Letter to Someone New
Last updated: Mar 12, 2023
There’s a line in Zen Mind, Beginner’s Mind that goes something like “separated from the universe by birth, we have difficulty.” Knowing how birth works because a sperm and an egg germinate, some basic set of instructions on a very small level come together, and as you keep sourcing energy to this basic set of instructions it begins to grow and take form. When this is a child you think is your offspring, you are programmed by your genes and your society to glob onto that form, to protect it. And in the west, that usually comes with high doses of neuroticism and fear. Maybe this is what the Buddha really meant when he said “Birth is suffering.”
Letter to my Newborn
You were born last week. I stood by your mom, holding her hand, as she worked very hard to help push you into this world. There were a great many excited people, and all dressed up in gowns. They came from all over the hospital to be there. After you came out of your mom and started breathing on her chest, still molded into the shape of her birth canal, tears immediately started coming out of both of our eyes. While there were lots of emotions, I might describe it best as “a happiness of relief.”

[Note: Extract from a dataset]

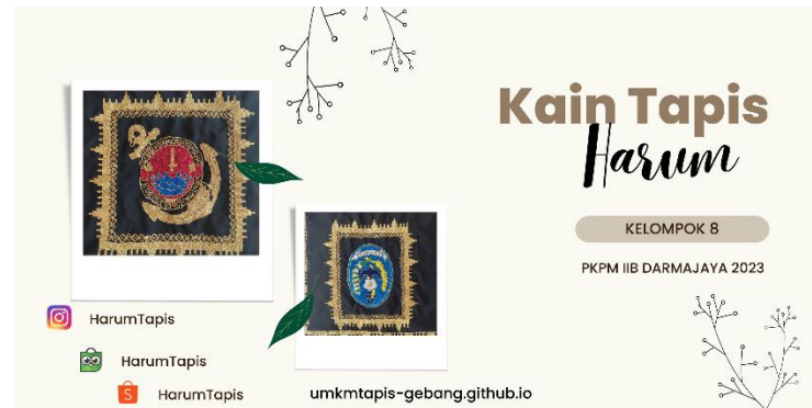
Gambar 2. 6 Hasil Pembuatan Banner

Hasil Pembuatan Banner untuk UMKM Harum Tapis dapat dilihat pada gambar 2.6.

Like all new parents, there’s a certain amount of fear that sits within me, a deep and primal desire to protect you from the world and ensure your safety. I’d like to tell you that it’s a selfless desire, but you will someday learn those almost never exist. This particular desire is what drives parents to push their kids to be overachievers, to insist that they strive to get good grades, get into prestigious schools, start working at prestigious companies, associate themselves with prestigious people, and boast of their children’s accomplishments. This boasting is to insecurity as Advil is to inflammation: it provides a short term respite, and does much more long term damage that’s harder to detect.
The culture being what it is, people have already started telling you what a great job you’re doing. Great Poops, Great Burbs, Great Volume on your feeds. And this greatness is similar to the effects of Advil. The insidious downside of praise for actions and accomplishments is that, when you fail to get them later in life, you begin to question your worth. And that’s because society unknowingly and unwittingly is training you to think your worth is the accomplishment, rather than you yourself. And when this is pointed out, people bury it and deny it’s what they are doing.
My true fear for you is that you get caught on the same hamster wheel of striving and status, never seeing it for what it is, and never discover or dwell on that place within yourself which you have so perfectly just now. Right now, you don’t care if a dog is barking in the background. Cold hands do not disturb you. A smelly fart or a rude person pay you no mind. Someone smiling at you or trying to get you to change has no effect. You watch the world with a fresh, beginner’s mind. One that only wants to learn and understand what is happening, with no fog of like and dislike. Your only commitment is to just experience this great mystery we are all apart of. You therefore realize the perfection you will always have throughout your life.
My true fear for myself is that I make you into an ideal to solve my own problems. I can’t think of a single parent I’ve gotten to know well who doesn’t press his or her opinions of success and failure onto their kids. Sometimes it comes across subtly or unintentionally, and other times it’s very obvious. I am committed as much as possible to not demanding you do anything. You don’t need to eat to make me happy, you don’t need to succeed to make me happy. You don’t need to love me back, or be nice to me, to make me happy. My commitment to you is to teach you as much as I can, to show you the world as much as I can, and let you decide for yourself how to live in it. And, finally, I shall identify with no praise that says this is the “good” or “right” way to be.
Simply to be with you, just now, in whatever way you are. Because once you see things this way, you just can’t imagine why you’d do anything different.